Introduction to the ARM Architecture

A1.1.2 Exceptions
ARM supports seven types of exception, and a privileged processing mode for each type. The seven types of exception are:

• reset
  
• attempted execution of an Undefined instruction
  
• software interrupt (SWI) instructions, can be used to make a call to an operating system
  
• Prefetch Abort, an instruction fetch memory abort
  
• Data Abort, a data access memory abort
  
• IRQ, normal interrupt
  
• FIQ, fast interrupt.
  When an exception occurs, some of the standard registers are replaced with registers specific to the exception mode. All exception modes have replacement banked registers for R13 and R14. The fast interrupt mode has additional banked registers for fast interrupt processing.
  When an exception handler is entered, R14 holds the return address for exception processing. This is used to return after the exception is processed and to address the instruction that caused the exception.
  Register 13 is banked across exception modes to provide each exception handler with a private stack pointer. The fast interrupt mode also banks registers 8 to 12 so that interrupt processing can begin without the need to save or restore these registers.
  There is a sixth privileged processing mode, System mode, which uses the User mode registers. This is used to run tasks that require privileged access to memory and/or coprocessors, without limitations on which exceptions can occur during the task.
  In addition to the above, reset shares the same privileged mode as SWIs.

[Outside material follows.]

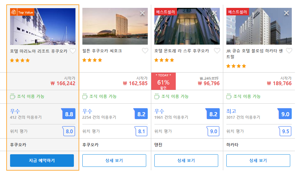호텔 마리노아 리조트 후쿠오카 (Hotel Marinoa Resort Fukuoka)의 최저 가격대는 아고다에서 할인특가 가격으로 매일매일 변동되며 20만원대부터 다양하게 형성됩니다. 아고다 최저가를 확인하시려면 아래 링크를 누르시면 원하는 날짜의 가격대를 자세히 보실 수 있습니다.

For more details on exceptions, refer to Exceptions on page A2-16.
  The exception process
  When an exception occurs, the ARM processor halts execution in a defined manner and begins execution at one of a number of fixed addresses in memory, known as the exception vectors. There is a separate vector location for each exception, including reset. Behavior is defined for normal running systems (see section A2.6) and debug events (see Chapter D3 Coprocessor 14, the Debug Coprocessor)
  An operating system installs a handler on every exception at initialization. Privileged operating system tasks are normally run in System mode to allow exceptions to occur within the operating system without state loss.
  

A1-4

Copyright © 1996-1998, 2000, 2004, 2005 ARM Limited. All rights reserved. ARM DDI 0100I

A1.1.3 Status registers
All processor state other than the general-purpose register contents is held in status registers. The current operating processor status is in the Current Program Status Register (CPSR). The CPSR holds:

• four condition code flags (Negative, Zero, Carry and oVerflow).
  
• one sticky (Q) flag (ARMv5 and above only). This encodes whether saturation has occurred in saturated arithmetic instructions, or signed overflow in some specific multiply accumulate instructions.
  
• four GE (Greater than or Equal) flags (ARMv6 and above only). These encode the following conditions separately for each operation in parallel instructions:
  
  • —  whether the results of signed operations were non-negative
    
  • —  whether unsigned operations produced a carry or a borrow.
    
• two interrupt disable bits, one for each type of interrupt (two in ARMv5 and below).
  
• one (A) bit imprecise abort mask (from ARMv6)
  
• five bits that encode the current processor mode.
  
• two bits that encode whether ARM instructions, Thumb instructions, or Jazelle opcodes are being
  executed.
  
• one bit that controls the endianness of load and store operations (ARMv6 and above only).
  Each exception mode also has a Saved Program Status Register (SPSR) which holds the CPSR of the task immediately before the exception occurred. The CPSR and the SPSRs are accessed with special instructions.